Sorry for the lateness regarding this post, I lost track of time and with all the events going on this weekend (Jamnesty, Relay for Life etc.) I lost track of time. Anyway...

I must say that Heathers is probably my favorite movie we watched in this class so far. Frankly, if I ever make it in the film industry this is the kind of movie I'd want to make: something that takes a fairly common premise and completely flips it on its head in such a chaotic and post-modern fashion.

For this film, I want to concentrate on its use of "blank parody" as described by Nick Burns and how it jars the expectations of what one would expect from a teen comedy by flipping the genre's cliches upside down. During our talk on thursday, someone discussed how they were almost disappointed in the character J.D., hoping he would be more of a traditional heroic male lead. Such a disappointment is exactly what leads to the idea of this film as a blank parody.

The first 10 or so minutes of the film are almost exactly like Mean Girls: protagonist befriends the most popular girl at school, said popular girl hurts her, protagonist seeks revenge. The audience probably assumes what will follow will be a series of pranks and gags to get back at the popular girl. The popular girl's popularity will decline, popular girl seeks revenge, emotional chaos will erupt in the school, protagonist feels bad, protagonist seeks redemption, the high school will be at peace once again, the protagonist will fall in love with J.D. and everyone will live happily ever after, more or less. This basic plot line was my assumption of what will happen in Heathers... and then J.D. kills the popular girl.
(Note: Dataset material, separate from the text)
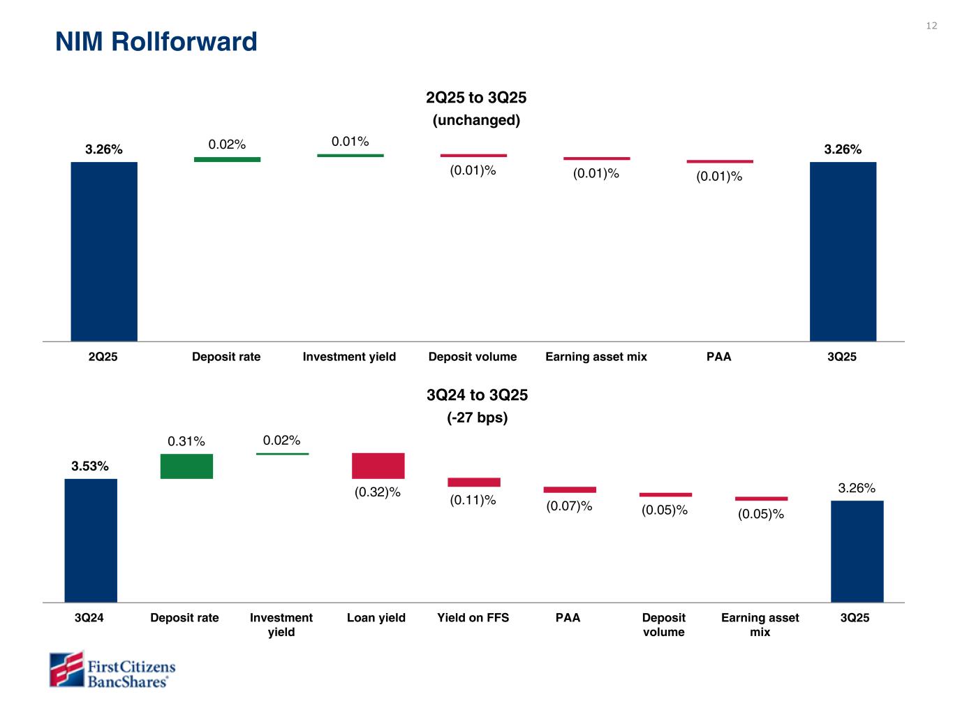11 $1,695 $1,627 $1,588 $1,629 $1,673 3.33% 3.16% 3.12% 3.14% 3.15% NII, ex PAA (Non-GAAP) NIM, ex PAA (Non-GAAP) 3Q24 4Q24 1Q25 2Q25 3Q25 $1,796 $1,709 $1,663 $1,695 $1,734 3.53% 3.32% 3.26% 3.26% 3.26% NII NIM 3Q24 4Q24 1Q25 2Q25 3Q25 $2,441 $2,946 2.55% 3.14% YTD Dec 21 YTD Dec 22 YTD December 2022 vs YTD December 2021 Net interest income increased by $505 million due to a $483 million increase in interest income and a $22 million decrease in interest expense. The change in net interest income was primarily due to the following: ◦ $256 million increase on interest income on loans due to a higher yield and growth offset by lower SBA- PPP interest and fee income and lower accretion income, ◦ $138 million increase in interest income on investment securities due to higher yield and average balance, ◦ $118 million decline in interest expense on borrowings due to a lower rate and average balance, ◦ $89 million increase in interest income on overnight investments due to a higher yield despite a lower average balance; partially offset by a ◦ $96 million increase in interest expense on deposits due to a higher rate paid. NIM expanded from 2.55% to 3.14%. $505 million & 59 bps Highlights $39 million & 0 bps Net interest income and margin ($ in millions) $44 million & 1 bp 3Q25 vs 2Q25 Net interest income increased by $39 million due to a $53 million increase in interest income, partially offset by a $14 million increase in interest expense. The significant components of the changes follow: • $34 million increase in interest income (ex PAA) on loans (1) due to a higher day count and a higher average balance, partially offset by a lower yield, • $14 million increase in interest income on investment securities due to a higher average balance, a higher yield and a higher day count, • $9 million increase in interest income on overnight investments due to a higher average balance and a higher day count, partially offset by a lower yield, and a • $3 million decrease in interest expense on borrowings due to a lower average balance and a lower rate paid; partially offset by a • $17 million increase in interest expense on deposits primarily due to a higher average balance and a higher day count, partially offset by a lower rate paid, and a • $5 million decrease in PAA. NIM of 3.26% unchanged from the linked quarter. NIM, ex PAA (1) expanded by 1 basis point from 3.14% to 3.15%. See the following page for a rollforward of NIM between 2Q25 and 3Q25. 3Q25 vs 3Q24 Net interest income declined by $62 million due to a $140 million decrease in interest income, partially offset by a $78 million decrease in interest expense. The significant components of the changes follow: • $94 million decrease in interest income (ex PAA) on loans (1) due to a lower yield, partially offset by a higher average balance, • $85 million decrease in interest income on overnight investments due to a lower yield and a lower average balance, • $40 million decrease in PAA, and a • $15 million increase in interest expense on borrowings due to a higher rate paid and a higher average balance; partially offset by a • $93 million decrease in interest expense on deposits due to a lower rate paid, partially offset by a higher average balance, and a • $75 million increase in interest income on investment securities due to a higher average balance and a higher yield. NIM contracted 27 basis points from 3.53% to 3.26%. NIM, ex PAA (1) contracted by 18 basis points from 3.33% to 3.15%. See the following page for a rollforward of NIM between 3Q24 and 3Q25. (1) Non-GAAP measure: see Section V entitled Non-GAAP Reconciliations. (1) (1) Craig - We included the day count impact in overnight investments and investment securities as requested but have left off of borrowings as this had an immaterial impact (see Responses file for more information). Note that day count accounts for ~50% of the loan income change and more like 25% for overnights and investment securities.

Then what follows is a satirical tale that slowly unravels its own sanity until Veronica is watching J.D. blow himself up in front of the school. The whole narrative completely throws the audience out of their expectations by ultimately creating an extremely dark and morbid version of a John Hughes coming of age teen comedy; the genre this film is "blank paroding".

However, Burns is wrong about one thing, stating that it is "nothing more than purely formalistic cinematic considerations" and that characters show no real psychological motivation. The lack of motivation is however why the satire is so effective. These characters do have purpose for what they do, as proved with J.D.'s final monologue before attempting to blow up the school, but this lack of motivation Burns talks about only adds to the pure insanity this school is being shoved face first into. Ultimately, Heathers is about a high school literally going mad over the constant "suicides" and how many of the characters, particularly the teachers and parents, are completely incompetent to handle the situation in a mature fashion. It's a metaphor for how adults, for the most part, are unable to connect with their youth.

2 comments:

  1. I like that you compare this to Mean Girls, which I must admit is a guilty pleasure of mine. But we do have the same premises here-- girl trying to fit in with popular girls--rejected-- revenge-- and then this is where we come to the fork in the road. Do we go for a happy ending or for a completely twisted and never before traveled route? I love that heathers took the latter because it takes the viewer on a wild ride and forces them to analyze what they had just watched. Def. one of the best in class thus far.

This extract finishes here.